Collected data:
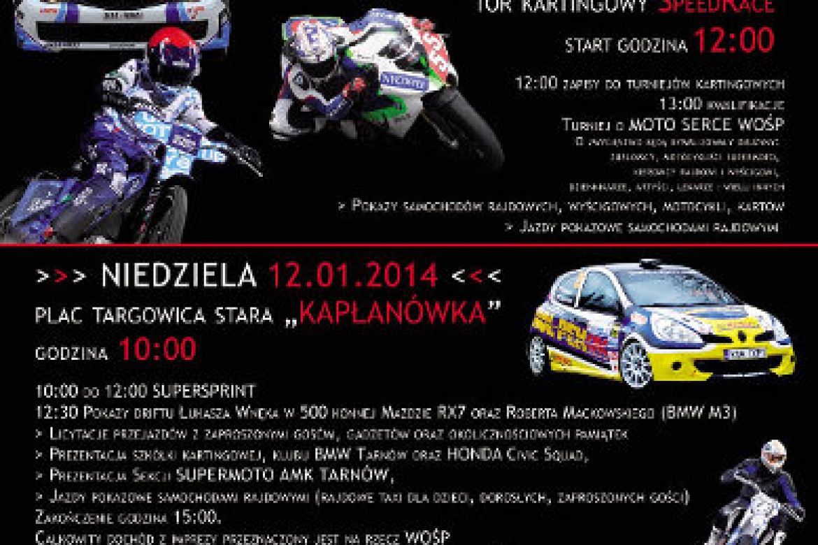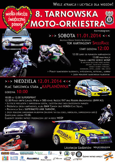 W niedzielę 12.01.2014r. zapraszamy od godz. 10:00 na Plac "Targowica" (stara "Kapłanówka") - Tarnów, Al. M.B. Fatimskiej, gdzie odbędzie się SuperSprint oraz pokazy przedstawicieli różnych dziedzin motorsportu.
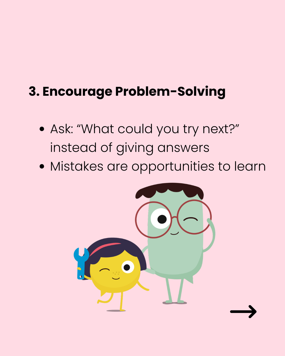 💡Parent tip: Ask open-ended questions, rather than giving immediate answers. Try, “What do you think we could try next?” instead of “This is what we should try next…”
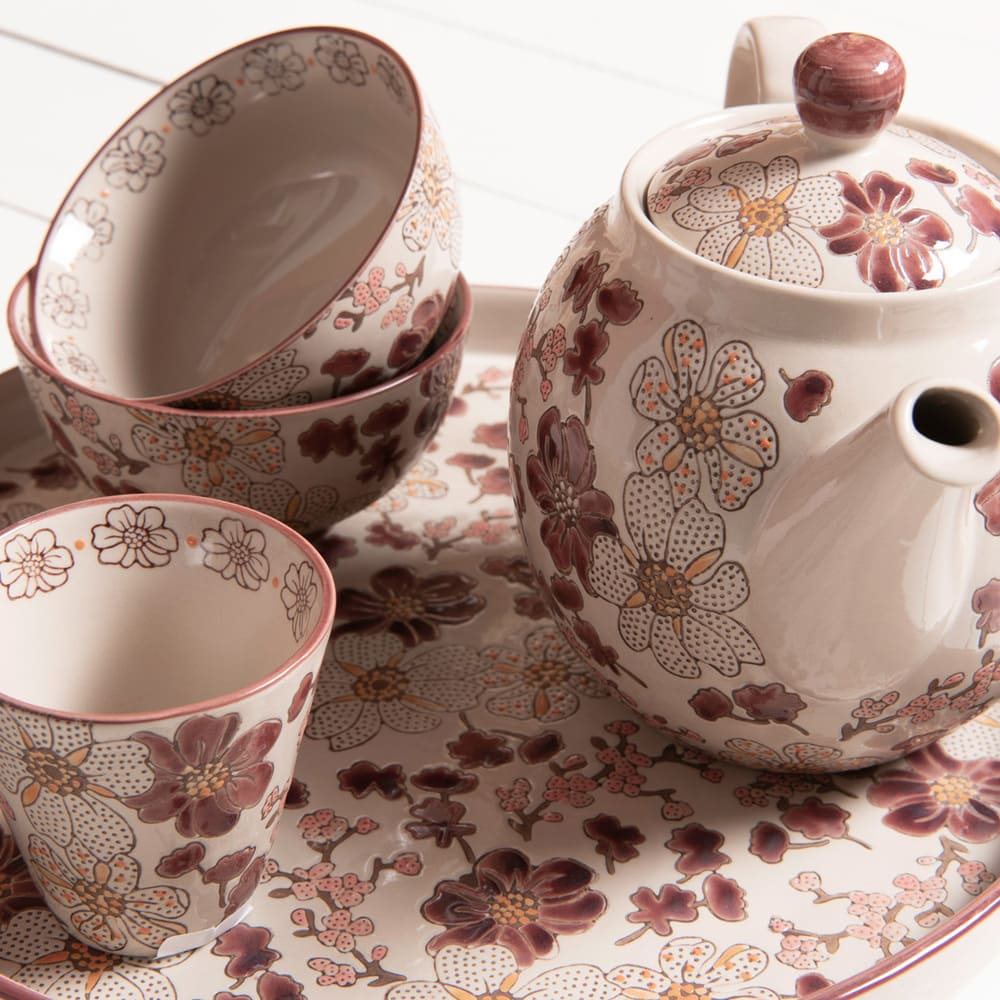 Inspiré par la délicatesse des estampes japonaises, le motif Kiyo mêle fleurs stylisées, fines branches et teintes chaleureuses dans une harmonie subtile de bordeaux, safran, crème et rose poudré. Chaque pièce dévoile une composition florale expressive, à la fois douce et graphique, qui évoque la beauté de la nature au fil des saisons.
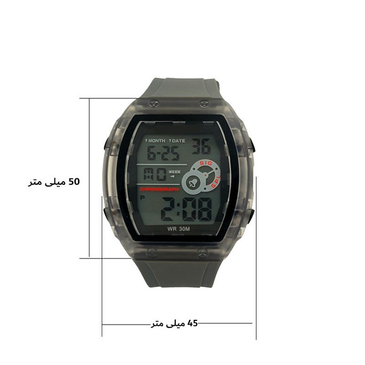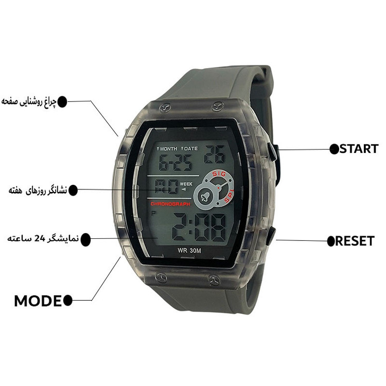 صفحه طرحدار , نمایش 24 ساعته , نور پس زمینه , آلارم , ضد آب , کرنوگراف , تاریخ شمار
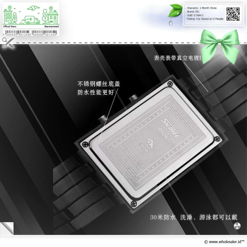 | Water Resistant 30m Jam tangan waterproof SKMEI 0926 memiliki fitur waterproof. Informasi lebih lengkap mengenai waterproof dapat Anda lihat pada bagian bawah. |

WORK ORDER: Word for word, restate all of the entries above and leave each picture out.

SOLUTION TO THIS EXERCISE:
 W niedzielę 12.01.2014r. zapraszamy od godz. 10:00 na Plac "Targowica" (stara "Kapłanówka") - Tarnów, Al. M.B. Fatimskiej, gdzie odbędzie się SuperSprint oraz pokazy przedstawicieli różnych dziedzin motorsportu.
 💡Parent tip: Ask open-ended questions, rather than giving immediate answers. Try, “What do you think we could try next?” instead of “This is what we should try next…”
 Inspiré par la délicatesse des estampes japonaises, le motif Kiyo mêle fleurs stylisées, fines branches et teintes chaleureuses dans une harmonie subtile de bordeaux, safran, crème et rose poudré. Chaque pièce dévoile une composition florale expressive, à la fois douce et graphique, qui évoque la beauté de la nature au fil des saisons.
 صفحه طرحدار , نمایش 24 ساعته , نور پس زمینه , آلارم , ضد آب , کرنوگراف , تاریخ شمار
 | Water Resistant 30m Jam tangan waterproof SKMEI 0926 memiliki fitur waterproof. Informasi lebih lengkap mengenai waterproof dapat Anda lihat pada bagian bawah. |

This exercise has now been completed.